L'autre 7 octobre, journée mondiale de l'architecture, l'Ordre des Architectes m'a offert une tribune pour plaider, une énième fois, la cause de la «Trano Gasy».
Ces «Trano Gasy», qui montent à l'assaut d'Ambondrona ou de Faravohitra, qu'on rencontre à Andravoahangy-Ambony ou Ankaditapaka, et dont on salue les derniers représentants sur la Haute-Ville, donnent son cachet à l'Iarivo des poètes, l'Analamanga des Kalon'ny Fahiny, «Tana» pour les intimes.
Contrairement à nombre de villes des pays colonisés, Antananarivo avait son identité visuelle, et donc architecturale, bien avant le débarquement des administrateurs coloniaux en 1896. Cette identité visuelle s'estompe malheureusement chaque jour. Ignorance des propriétaires, impuissance ou indifférence des pouvoirs publics, contraintes alimentaires bien connues, se conjuguent pour assassiner l'Antananarivo qu'on aime.
Quand le Maire Naina Andriantsitohaina avait fait installer une «Trano Gasy» au jardin d'Ambohijatovo ou sur la place d'Antsahatsiroa, il s'inscrivait dans la démarche dite du «carreau cassé», rendue populaire par un autre Maire, Rudy Giuliani, à la tête de New York de 1994 à 2001 : quand on laisse une vitre brisée à une fenêtre, l'impression d'abandon livrera tout le bâtiment, et bientôt le quartier, jusqu'à toute la ville, et en définitive le pays, à la dégradation générale.
Chaque «Trano Gasy» qui disparaît devient un «carreau cassé» dans le paysage tananarivien. Il faut rapidement remettre de la «Trano Gasy», spectacle de l'éducation au beau et à l'esthétique dans les esprits. Une «Trano Gasy» pour occuper le terrain qui, sinon, serait livré à un hangar, quelque chose de juste utilitaire et très rentable au mètre carré.
J'ai ici une pensée émue pour cette «Trano Gasy» d'Andravoahangy saccagée par son nouvel acheteur qui voulait un espace de stockage pour ses balles de friperies. Je songe à ces deux «Trano Gasy» à Ambanidia, sans autre prétention que d'exister, à l'ombre du cube de béton qui a poussé comme un champignon. Même «modernité» très envahissante comme cette autre tour de verre et d'alu, à Ankadifotsy, bâtie sur la moitié d'une «Trano Gasy» victime de déchirures familiales.
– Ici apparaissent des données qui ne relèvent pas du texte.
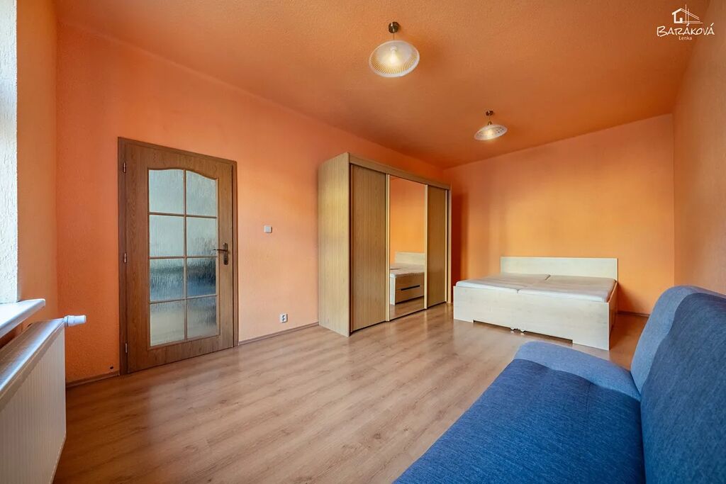 Byt se pronajímá zařízený – k dispozici je postel, velká šatní skříň i pohodlný gauč. Plastová okna s izolačními dvojskly jsou orientována do klidného vnitrobloku, což zajišťuje příjemné a tiché bydlení.

Partie d'Antananarivo, cette architecture a essaimé dans le Grand Tana, sur les collines de l'Imerina, le long d'un axe qui mène à Fianarantsoa. Au bord du lac Alaotra, même à Maevatanàna et ailleurs encore. Quand on édite des cartes postales, quand on peint un tableau, quand on «dessine-moi Antananarivo», c'est toujours la «Trano Gasy» qu'on met en scène. Sans ses «Trano Gasy», heureux syncrétisme architectural du 19ème siècle, Antananarivo ne serait plus Antananarivo, unique parce que différente.